SECURITIES AND EXCHANGE COMMISSION

WASHINGTON, D.C. 20549

FORM 8-K

CURRENT REPORT

Pursuant to Section 13 or 15(d) of the Securities Exchange Act of 1934

March 12, 2007 (March 6, 2007)

Date of Report (Date of earliest event reported)

DOMTAR CORPORATION

(Exact name of registrant as specified in its charter)

 

DELAWARE   001-33164   20-5901152
(State or other jurisdiction
of incorporation)
  (Commission File Number)   (IRS Employer
Identification No.)

395 de Maisonneuve Blvd. West

Montreal, Quebec

Canada H3A 1L6

(Address and zip code of principal executive offices)

(514) 848-5400

(Registrant’s telephone number, including area code)

N/A

(Former name or former address, if changed since last report)

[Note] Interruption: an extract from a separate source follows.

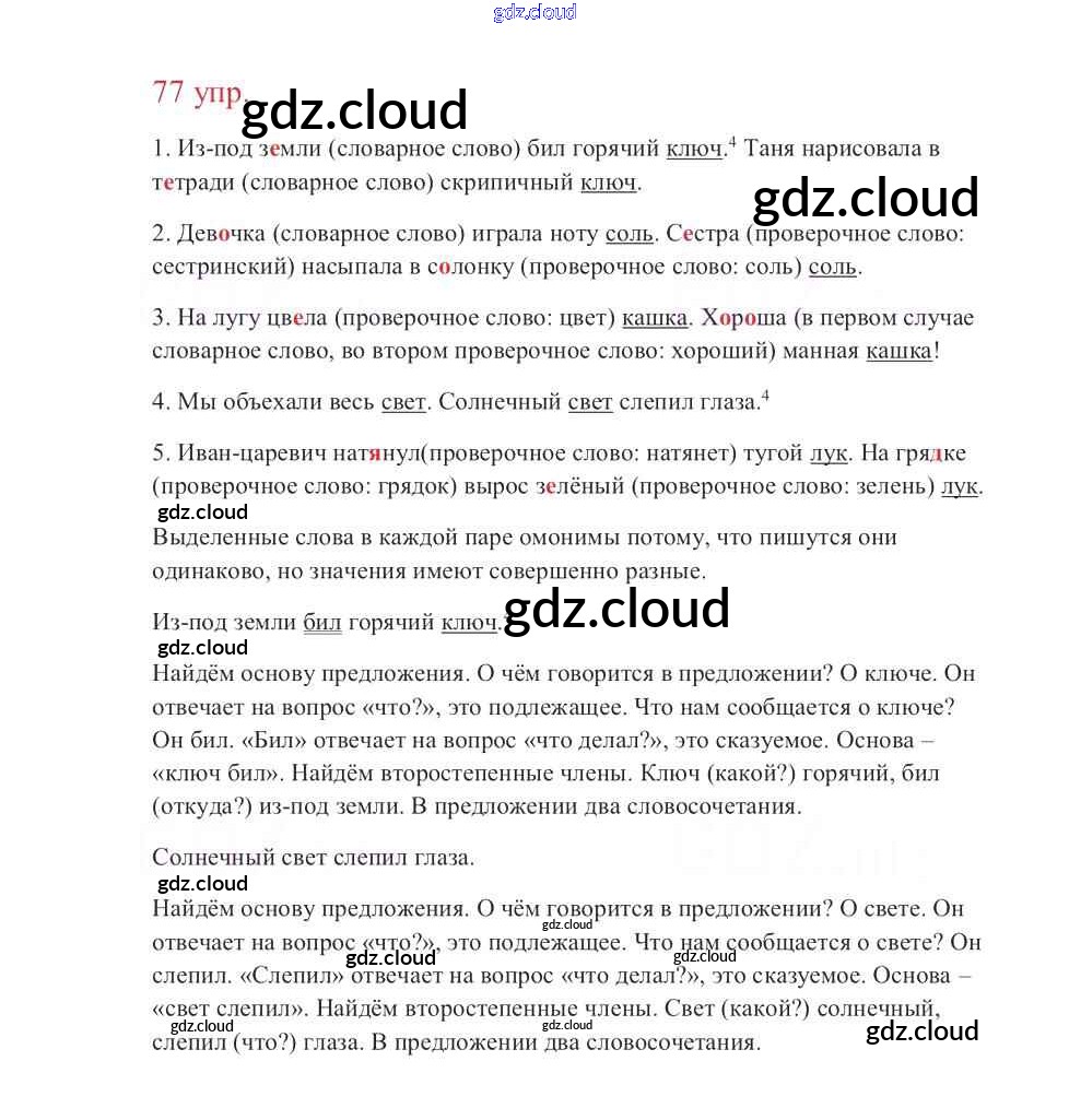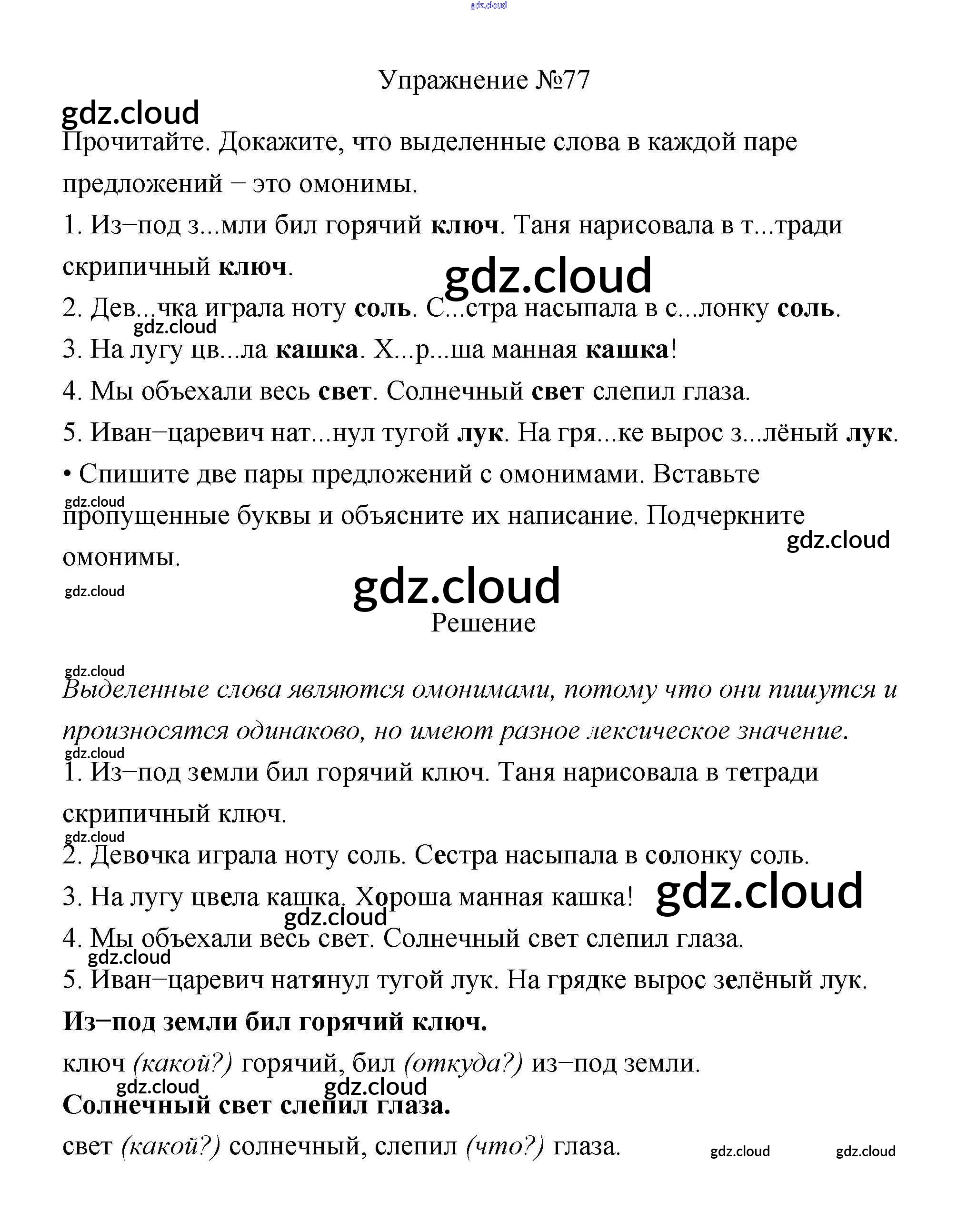 Ответ на задание 77 Учебник Русский язык за 3 (третий) класс Канакина, Горецкий Школа России 2013 Часть 1, 2

Check the appropriate box below if the Form 8-K filing is intended to simultaneously satisfy the filing obligation of the registrant under any of the following provisions:

 

¨ Written communications pursuant to Rule 425 under the Securities Act (17 CFR 230.425)

 

¨ Soliciting material pursuant to Rule 14a-12 under the Exchange Act (17 CFR 240.14a-12)

 

¨ Pre-commencement communications pursuant to Rule 14d-2(b) under the Exchange Act (17 CFR 240.14d-2(b))

 

¨ Pre-commencement communications pursuant to Rule 13e-4(c) under the Exchange Act (17 CFR 240.13e-4(c))

 



 

Item 5.02(e). Adoption of Certain Compensation Plans and Arrangements.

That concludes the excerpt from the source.